* _WHAT IS REQUIRED_:
Give back exactly the stretch of data below from the line holding "14. Сообщение о" through the line holding "3、在右側的服務中找到【apple mobile device】,選擇啟動服務", both ends included, and leave the remaining lines out.

* _RECORDS PROVIDED_:
>>>
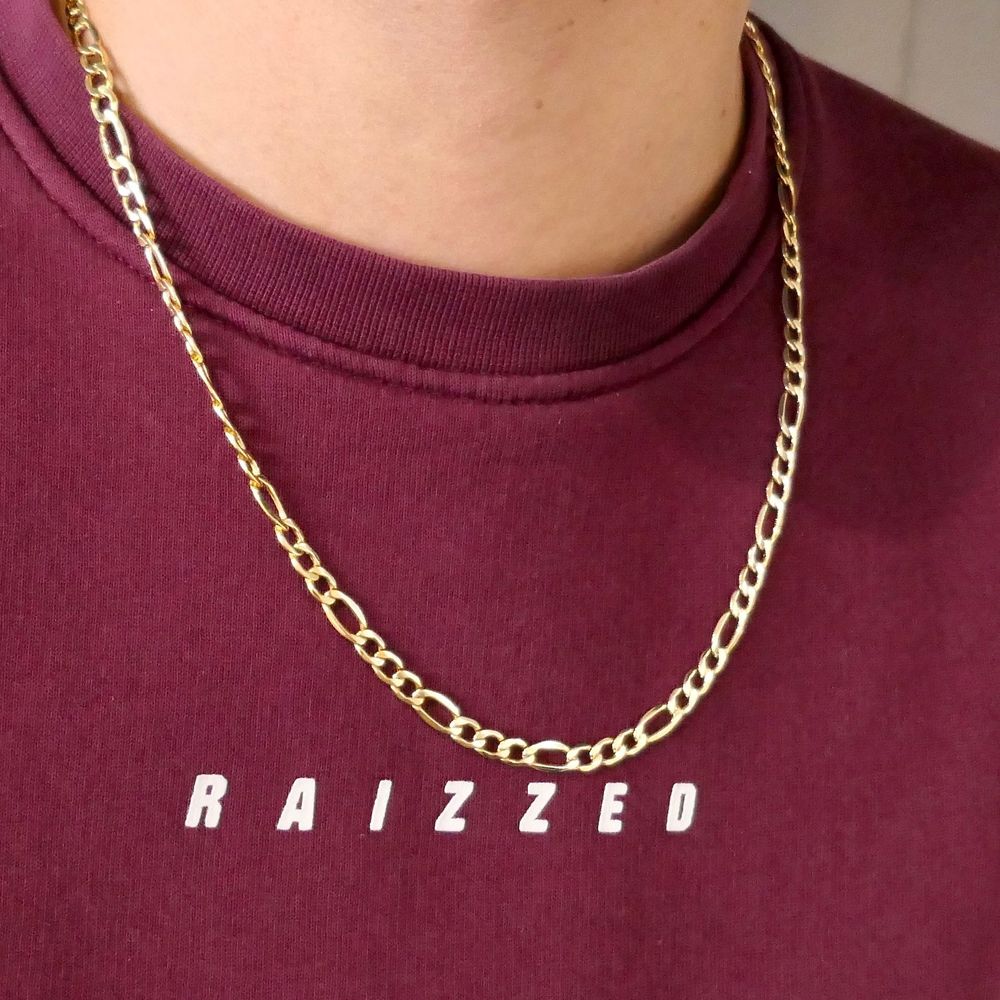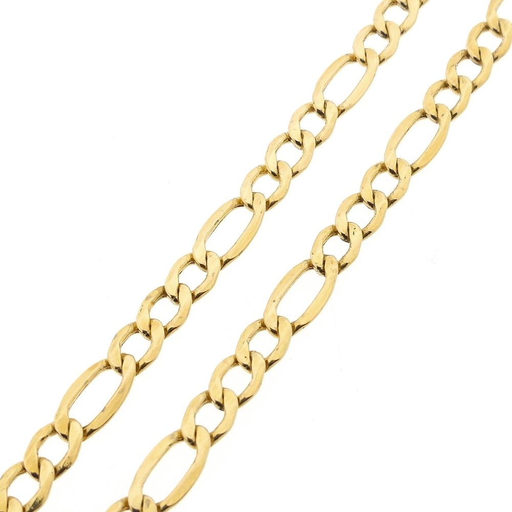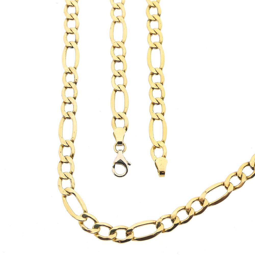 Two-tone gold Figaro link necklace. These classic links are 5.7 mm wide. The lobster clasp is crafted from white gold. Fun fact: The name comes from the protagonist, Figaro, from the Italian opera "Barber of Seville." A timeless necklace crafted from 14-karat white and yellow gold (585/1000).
<<<
>>>
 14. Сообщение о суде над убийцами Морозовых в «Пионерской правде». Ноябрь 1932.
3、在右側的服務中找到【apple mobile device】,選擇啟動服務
<<<
* _SOLUTION TO THIS TASK_:
 14. Сообщение о суде над убийцами Морозовых в «Пионерской правде». Ноябрь 1932.
3、在右側的服務中找到【apple mobile device】,選擇啟動服務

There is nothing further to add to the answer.